Discovery has changed – and patients are in control

Yext’s Chief Data Officer, Christian Ward, opened with a breakdown of how AI is reshaping visibility – and what that means for healthcare organizations.

He emphasized:

  • Search isn’t happening on one platform anymore — it’s everywhere
  • Visibility isn’t just about keywords; it’s about context

And the stories being told about your brand are often written by others.

So what fuels AI answers?

A mix of:

  • Objective content or ‘hard data’ - including but not limited to provider names, addresses, hours, services offered, schema markup, and FAQs
  • Subjective content, including but not limited to reviews, sentiment, local relevance, and even YouTube transcripts

Ward also reminded marketers that personalization also plays a role: AI tools factor in patient’s search history and known preferences when deciding which answers to surface.

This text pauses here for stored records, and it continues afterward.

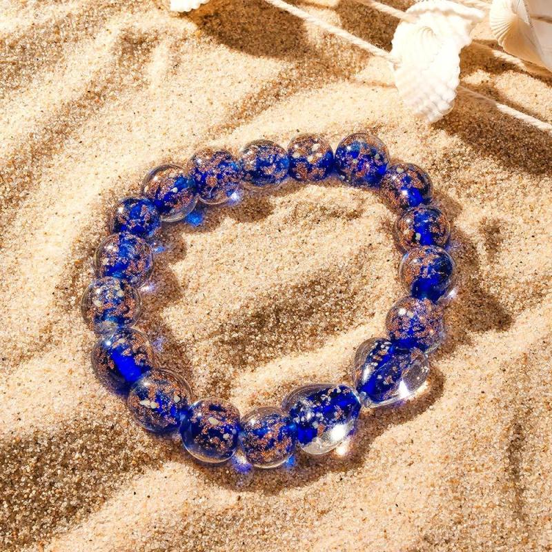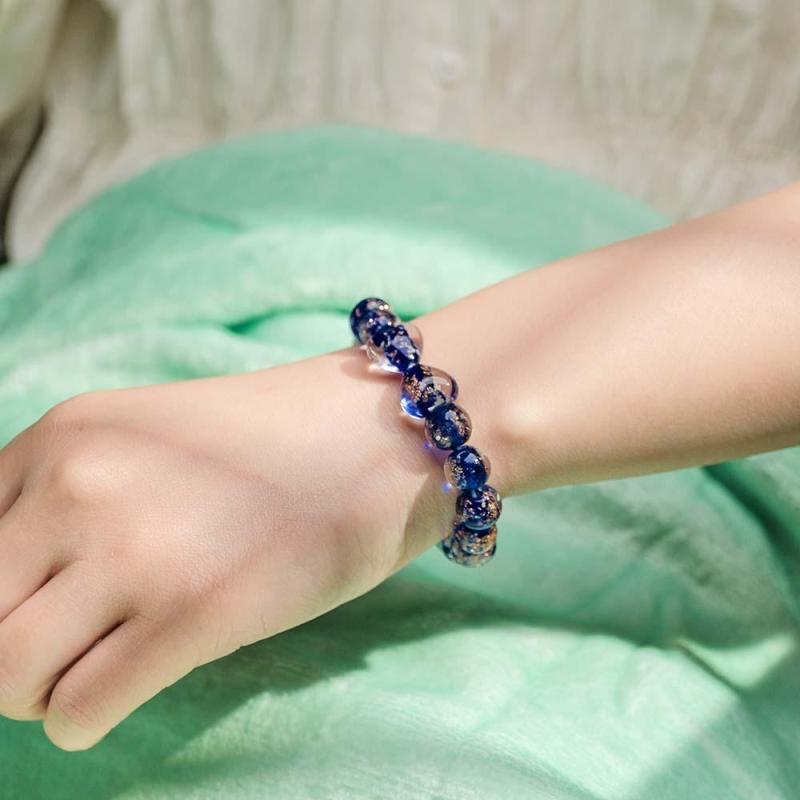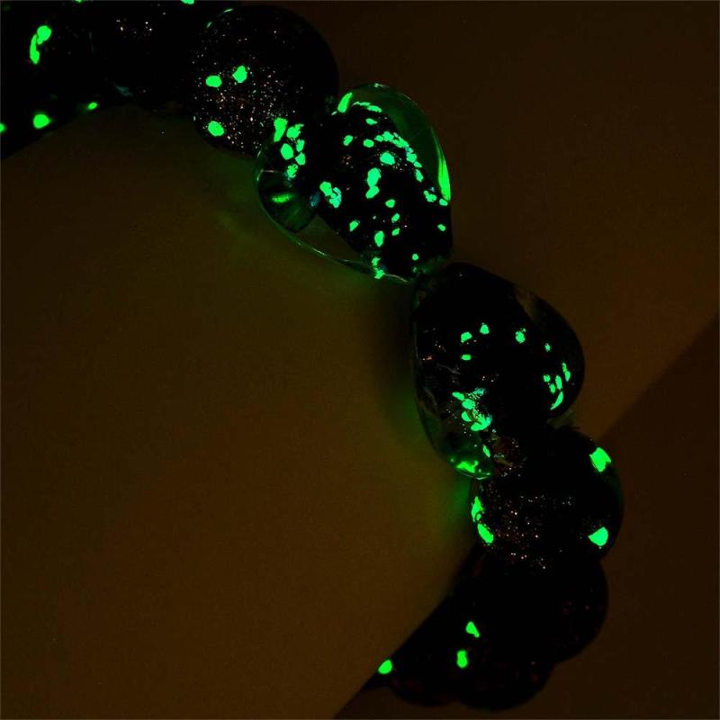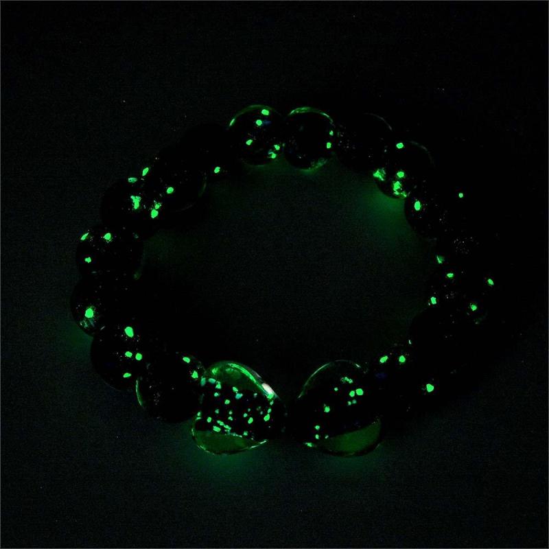 Bracciale Con Perline Elasticizzate In Vetro Lucciola Cuore A Cuore Blu Scuro. Bracciale Luminoso Che Si Illumina Al Buio
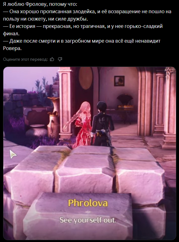 >>6159012 Это реально. У меня только пикрил был от этого, остальное уже забылось со временем. Но я тогда совсем в ахуе от этого лора. Как Ровер запечатлел конец предыдущий цивилизации, если в 1.0 писали, что он с амнезией проснулся, перед тем как опиздюлить краунлесса и основать Цзиньчжоу? Внезапно все снова узнал-познал и дединсайднулся.
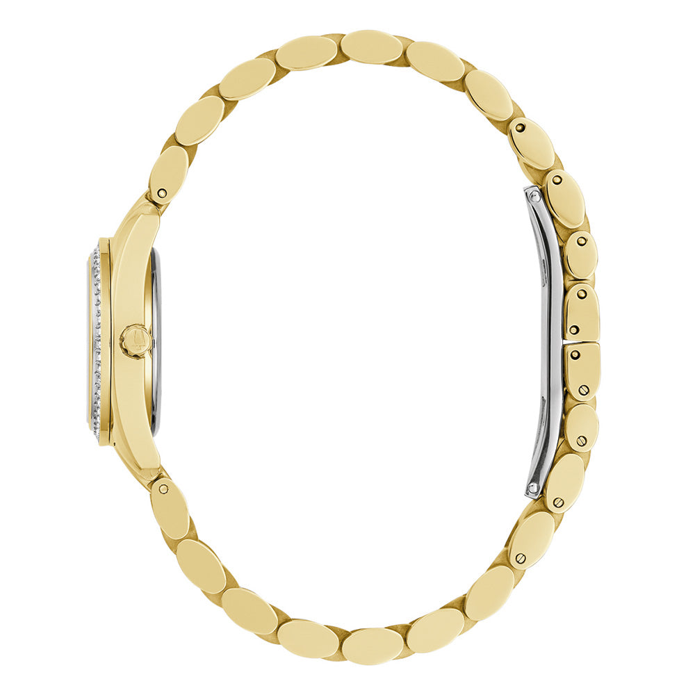 The mother-of-pearl dial exudes luxury, showcasing gold-tone details, 8 crystal hour markers, and a pavé-style center adorned with 102 meticulously set crystals. It’s paired with a matching gold-tone stainless steel bracelet and a deployant clasp for a seamless finish.

How does this impact your strategy?

Showing up today requires more than great content. To optimize brand visibility, Ward said, “Focus content on very specific areas and get it out everywhere consistently so AI builds confidence in you. That’s how it decides who to trust.”

Healthcare execs are focused on accuracy, patient education, and alignment

In our executive panel, healthcare leaders shared practical, honest insights about what it really takes to lead through change. From operational trade-offs to the realities of patient access, the conversation reflected what many in the room already knew: there’s no time to wait.

Aniq Rahman, the CEO of Fabric Health, reinforced Ward’s emphasis on the importance of data accuracy when he said, "Providers switch systems, retire, or lose credentials. You need to use third-party signals to update listings in real time so every online listing reflects what’s truly available.” This sentiment was echoed in our 2025 Healthcare Digital Presence Survey, where 85% of patients said information accuracy impacts their decision to schedule an appointment.

Matt ‘O Rourke, the Director of Marketing at Yale School of Medicine | Yale Medicine, expanded beyond listings to talk about content strategy. He shared a great example of how timeliness played a major role in building trust during the pandemic:

“We were one of the first websites to start using the term COVID — everyone else was still saying coronavirus. That small shift made a huge difference. Once we aligned content to what people were actually searching for, traffic skyrocketed. Visitors came to us for clear, reliable health information, and that reinforced our credibility.”

He encouraged other marketing leaders to pay attention to traffic spikes and engagement, adding, “That’s where you have the biggest opportunity to deepen trust and open new doors.”

If AI can’t find you, patients can’t either

Rebecca Colwell’s personal story made everything discussed up to this point real: “I helped my mom figure out what was causing her sinus issues. Doctors were stumped, and Google was a dead end, so I turned to AI for answers. The entire experience — figuring out what was going on, finding the right specialist, checking reputation and insurance — all happened inside ChatGPT. I even scheduled an appointment and got validation that AI’s suspected diagnosis was accurate. And if you didn’t show up in that search, you were invisible to me as a patient.”

Why this matters now:

So what should marketers do?

Colwell shared a three-step plan to help healthcare organizations stay visible:

  1. Expand beyond Google search. Publish the facts everywhere AI looks (across listings, local pages, reviews, social, and more).
  2. Create content for people and machines (LLMs). Structure entities (providers, facilities, procedures, insurance, FAQs) to make answers machine-readable.
  3. Measure and benchmark visibility everywhere. Track citations, sentiment, local performance, and competitors to close gaps.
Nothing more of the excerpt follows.